In this section, we will provide a brief introduction of the win statistics. Denote $P_t$ as the win probability/proportion in the treatment group, and $P_c$ as the win probability/proportion in the control group. The question of interest can then be formulated as testing the null hypothesis $H_0: P_t = P_c$ versus its alternative. The win statistics are defined based on $P_t$ and $P_c$ as

To obtain the win statistics for a composite of $J$ prioritized outcomes, the counting approach is the most straightforward and intuitive especially when $J>2$. The basic idea is to compare each subject in the treatment group with every subject in the control group (a total of $N_tN_c$ pairs, where $N_t$ and $N_c$ are the number of subjects in the treatment group and the control group, respectively.). For each pair of subjects, the comparison starts from the most important outcome. The next lower-priority outcome is considered only if the higher-priority outcome results in a tie (i.e., a winner cannot be determined).

First we introduce some necessary notations. Suppose all the J outcomes are time-to-event endpoints. For the treatment group, the observed data are noted as $\bm{Y} = {Y_1^{(t)},\dots,Y_J^{(t)}}$ and the event status $\bm{\delta} = {\delta_1^{(t)},\dots,\delta_J^{(t)}}$ with $\delta_j^{(t)}=1$ as the event and $\delta_j^{(t)}=0$ as censoring. Continuous/binary endpoints can be viewed as a special case of the time-to-event outcome with $\delta_j^{(t)}=1$ for all the subjects. The notations are the same for the control group except that the superscript is $^{(c)}$.

Consider a randomized clinical trial with $N_t$ and $N_c$ subjects in the treatment group and the control group, respectively. We use $i = 1,\dots,N_t$ for subjects in the treatment group and $l = 1,\dots, N_c$ for subjects in the Control group. Using the counting approach, we define the kernel functions $K$ and $L$ as follows: $K_{il}=1$ if subject $i$ in the treatment group wins over subject $l$ in the control group, otherwise $K_{il}=0$; and $L_{il}=1$ if subject $l$ wins over subject $i$, otherwise $L_{il}=0$. Following the counting approach, we then define the win proportion $P_t$ and $P_c$ as $$ P_t = \frac{\sum_{i=1}^{N_t}\sum_{l=1}^{N_c}K_{il}}{N_tN_c} \text{ and } P_c = \frac{\sum_{i=1}^{N_t}\sum_{l=1}^{N_c}L_{il}}{N_tN_c}, $$ where $K_{il}$ and $L_{il}$ are the kernel functions as defined above.

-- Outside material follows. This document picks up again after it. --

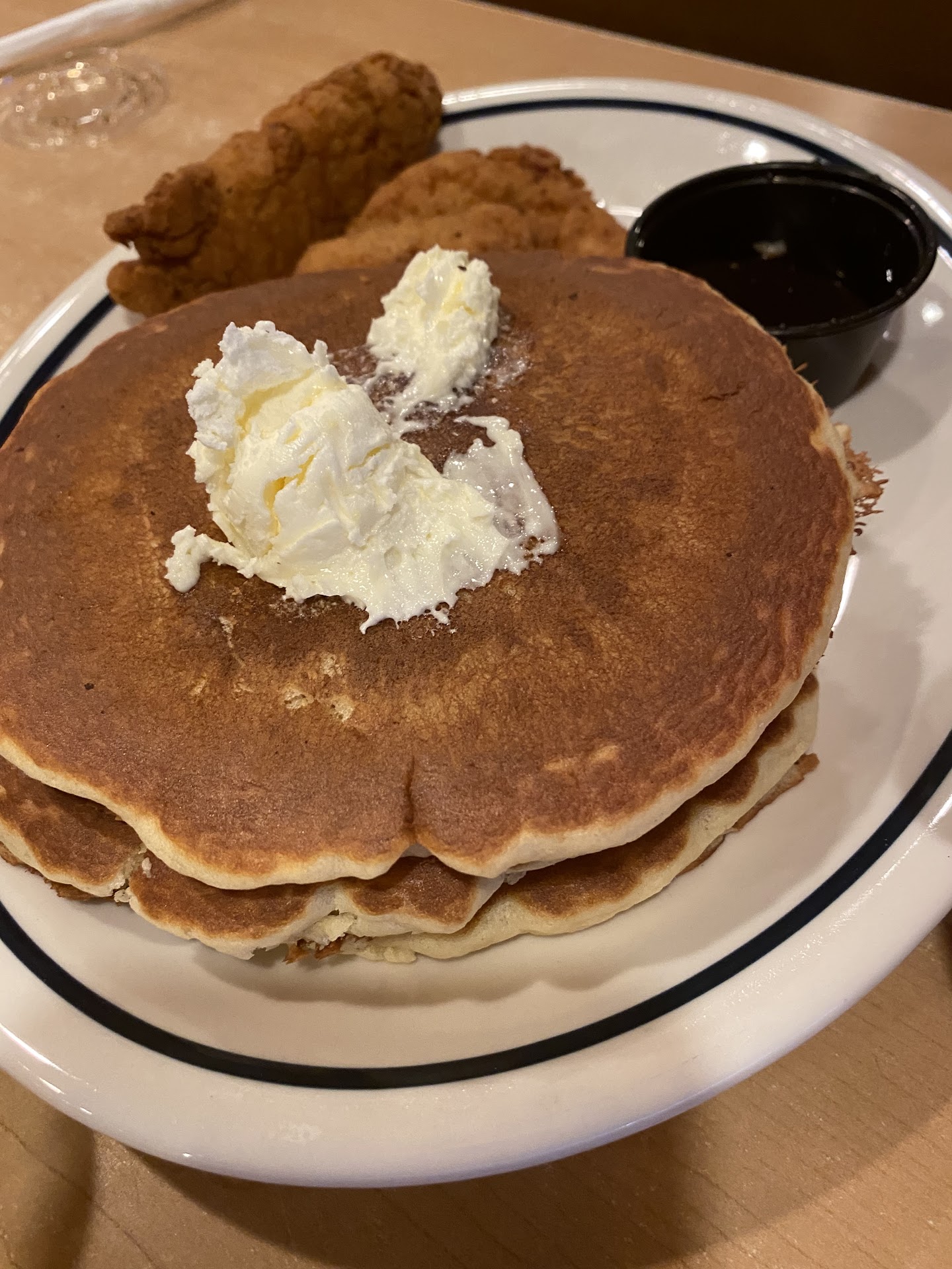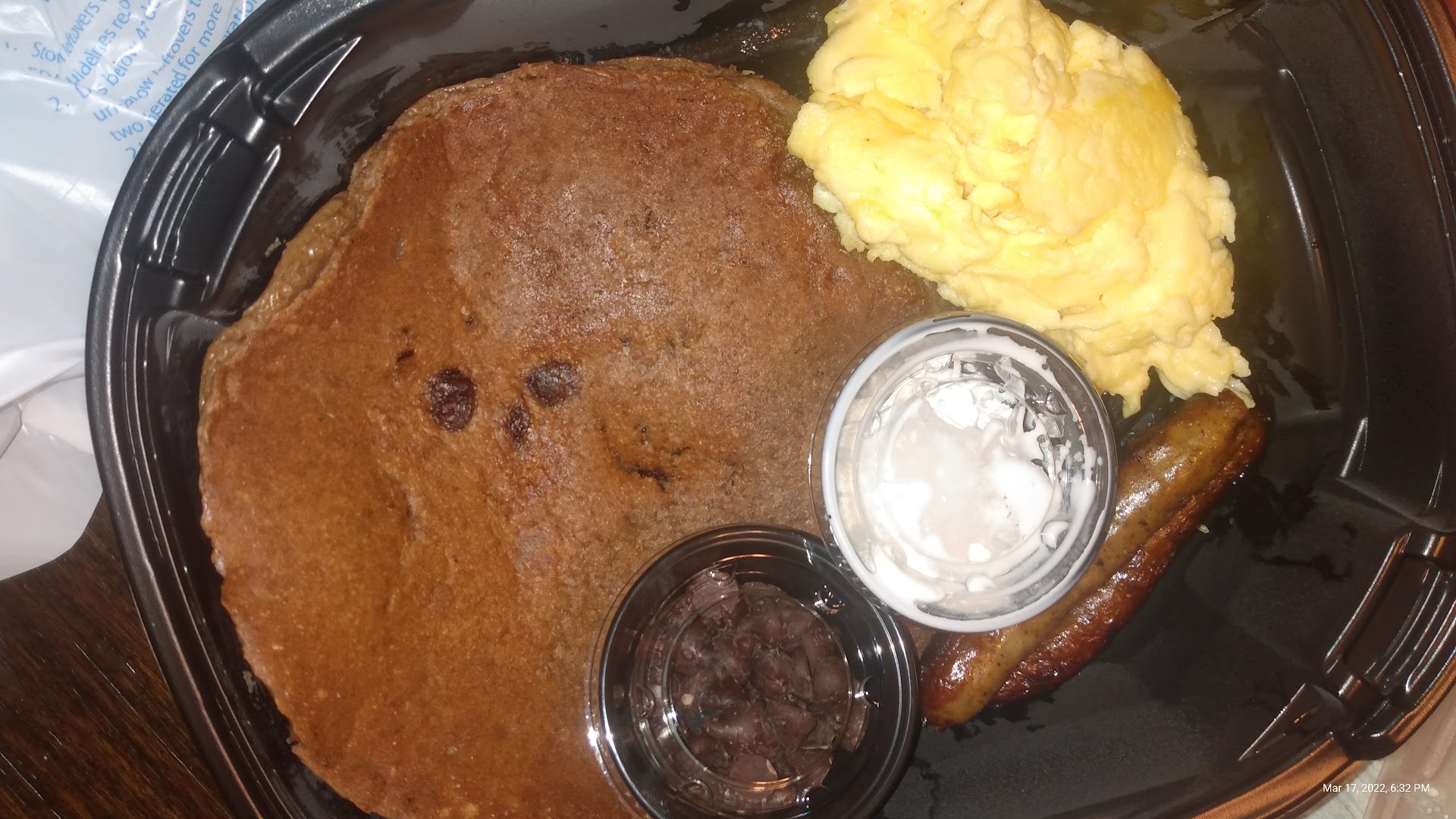 Read moreMy husband and I go to this location pretty regularly since it is close to where he works. We arrived at about 10:20. There was one group ahead of us and three that came in after us. It took about 15 minutes before we were seated and they had to clean tables for people to be sat. We made a simple order: mozzarella sticks as an appetizer, bacon cheeseburger with no lettuce, tomato, or onion, and a Belgian waffle combo with over medium eggs and bacon. Around 30 minutes later, our mozzarella sticks came out and were hot. Coffee refills were infrequent. While we waited, the group from in front of us finished their meal and left as did one of the (relatively large) groups that came in after us. This was all before we received our food. Over an hour after we ordered, our food arrived. What made my husband super angry was that a group that arrived and ordered after we did got their orders before we got ours. When our orders finally did arrive, my husband's food was cold and mine was only warm. We ate it because we did not want it wasted or to wait for it to be corrected. It was already almost midnight. As we started eating, yet another group that arrived after us finished and left. A long wait can be the result of a backed up kitchen. Cold food is entirely on the server. Our server came back one more time and fished through tickets until she found ours and gave it to us. She never came back to the table to check on us or to see if we needed any more to drink. We only saw her again when it was time to pay the check. I reminded my husband to show his veteran ID so we could get "some compensation for this BS service". Our check started out at over $36 and the discount dropped it to $32. Husband tipped 10% of the discounted total when we usually tip over 20% of the original total. I completed the survey indicated on the check saying we were less than satisfied and requesting that we be contacted regarding our poor experience. We will see if that actually happens. It is extremely unlikely that we will go back anytime in the near future if at all. If we need to eat somewhere late night on a weekend, we'll go to...
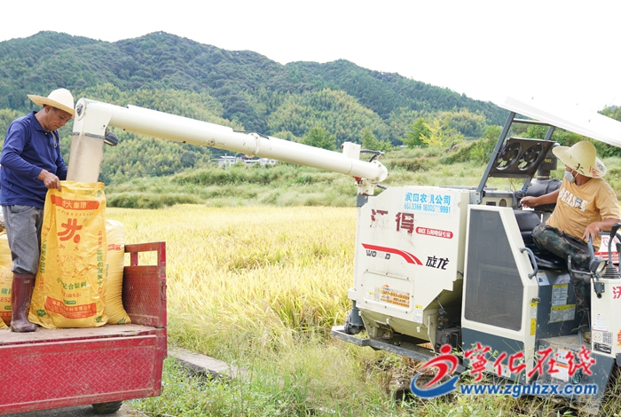 眼下,正值秋收農忙時,寧化縣水茜鎮河龍貢米迎來豐收。收割機在田隴間來回穿梭,糧農將脫粒后的稻谷裝袋、打包、運送,臉上洋溢著豐收的喜悅。

Since the pioneering work by Pocock et.al (2012), the win statistics have received much attention in methodological research. Methods have been developed to correct for bias in the presence of censoring and to extend the use to stratified analysis. For example, Dong et.al (2018, 2023) considered a clinical trial with patients randomized into two groups with $M$ strata and proposed the stratified win ratio in a similar way as the Mantel-Haenszel stratified odds ratio. To estimate the win proportions and win statistics in the presence of independent or dependent censoring, Dong et.al (2020, 2021) introduced the inverse-probability-of-censoring weighting (IPCW) adjusted method and CovIPCW-adjusted method using baseline covariates and/or time-dependent covariates that can predict the dependent censoring. Moreover, Wang et.al (2023) proposes an adjusted win ratio to control for baseline imbalances in covariates by inverse probability of treatment weighting (IPTW) method.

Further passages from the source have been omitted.